> Input for this task:
------

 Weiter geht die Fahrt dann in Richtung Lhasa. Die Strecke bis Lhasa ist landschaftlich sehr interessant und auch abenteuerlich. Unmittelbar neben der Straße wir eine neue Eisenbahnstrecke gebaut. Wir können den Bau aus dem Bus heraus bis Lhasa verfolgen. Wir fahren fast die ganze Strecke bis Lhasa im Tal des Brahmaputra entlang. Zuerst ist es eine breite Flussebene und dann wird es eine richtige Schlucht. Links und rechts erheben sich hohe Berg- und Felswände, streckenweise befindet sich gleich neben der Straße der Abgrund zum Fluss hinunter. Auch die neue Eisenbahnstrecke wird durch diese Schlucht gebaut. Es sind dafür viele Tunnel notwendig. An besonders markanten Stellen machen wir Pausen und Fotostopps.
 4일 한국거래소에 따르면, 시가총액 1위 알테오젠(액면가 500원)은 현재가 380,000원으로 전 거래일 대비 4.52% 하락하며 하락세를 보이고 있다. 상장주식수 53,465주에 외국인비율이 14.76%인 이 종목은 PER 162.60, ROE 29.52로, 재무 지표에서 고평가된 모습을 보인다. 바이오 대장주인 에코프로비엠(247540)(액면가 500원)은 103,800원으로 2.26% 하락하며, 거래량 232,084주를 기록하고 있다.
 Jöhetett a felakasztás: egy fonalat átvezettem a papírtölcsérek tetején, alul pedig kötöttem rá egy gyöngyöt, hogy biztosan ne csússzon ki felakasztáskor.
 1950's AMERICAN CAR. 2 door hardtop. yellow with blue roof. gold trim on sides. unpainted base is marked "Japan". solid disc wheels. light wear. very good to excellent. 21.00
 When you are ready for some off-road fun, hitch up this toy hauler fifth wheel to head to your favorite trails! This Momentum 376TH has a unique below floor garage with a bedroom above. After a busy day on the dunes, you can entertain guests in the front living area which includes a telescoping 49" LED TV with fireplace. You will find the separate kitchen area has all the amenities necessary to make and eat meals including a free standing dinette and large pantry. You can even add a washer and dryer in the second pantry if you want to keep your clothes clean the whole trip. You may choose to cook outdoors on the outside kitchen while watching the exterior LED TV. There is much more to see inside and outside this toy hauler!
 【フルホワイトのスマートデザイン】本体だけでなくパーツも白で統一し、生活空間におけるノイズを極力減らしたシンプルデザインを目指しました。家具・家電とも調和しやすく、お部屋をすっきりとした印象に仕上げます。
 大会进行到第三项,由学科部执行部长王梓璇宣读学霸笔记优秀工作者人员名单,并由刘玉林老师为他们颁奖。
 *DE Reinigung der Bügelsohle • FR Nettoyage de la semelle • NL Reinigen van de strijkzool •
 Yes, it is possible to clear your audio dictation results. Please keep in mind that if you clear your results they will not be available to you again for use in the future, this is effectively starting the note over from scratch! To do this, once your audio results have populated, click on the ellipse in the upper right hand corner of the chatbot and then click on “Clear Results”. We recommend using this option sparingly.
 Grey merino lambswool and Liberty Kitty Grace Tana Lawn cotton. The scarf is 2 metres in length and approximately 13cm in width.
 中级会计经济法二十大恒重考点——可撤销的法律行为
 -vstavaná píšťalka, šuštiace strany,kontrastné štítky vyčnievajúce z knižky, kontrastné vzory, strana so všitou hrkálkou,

------

> Problem to work on:
From the material above, set down exactly the lines starting at the one with "When you are" and ending at the one with "de strijkzool •", end lines included.

> Reply to the task:
 When you are ready for some off-road fun, hitch up this toy hauler fifth wheel to head to your favorite trails! This Momentum 376TH has a unique below floor garage with a bedroom above. After a busy day on the dunes, you can entertain guests in the front living area which includes a telescoping 49" LED TV with fireplace. You will find the separate kitchen area has all the amenities necessary to make and eat meals including a free standing dinette and large pantry. You can even add a washer and dryer in the second pantry if you want to keep your clothes clean the whole trip. You may choose to cook outdoors on the outside kitchen while watching the exterior LED TV. There is much more to see inside and outside this toy hauler!
 【フルホワイトのスマートデザイン】本体だけでなくパーツも白で統一し、生活空間におけるノイズを極力減らしたシンプルデザインを目指しました。家具・家電とも調和しやすく、お部屋をすっきりとした印象に仕上げます。
 大会进行到第三项,由学科部执行部长王梓璇宣读学霸笔记优秀工作者人员名单,并由刘玉林老师为他们颁奖。
 *DE Reinigung der Bügelsohle • FR Nettoyage de la semelle • NL Reinigen van de strijkzool •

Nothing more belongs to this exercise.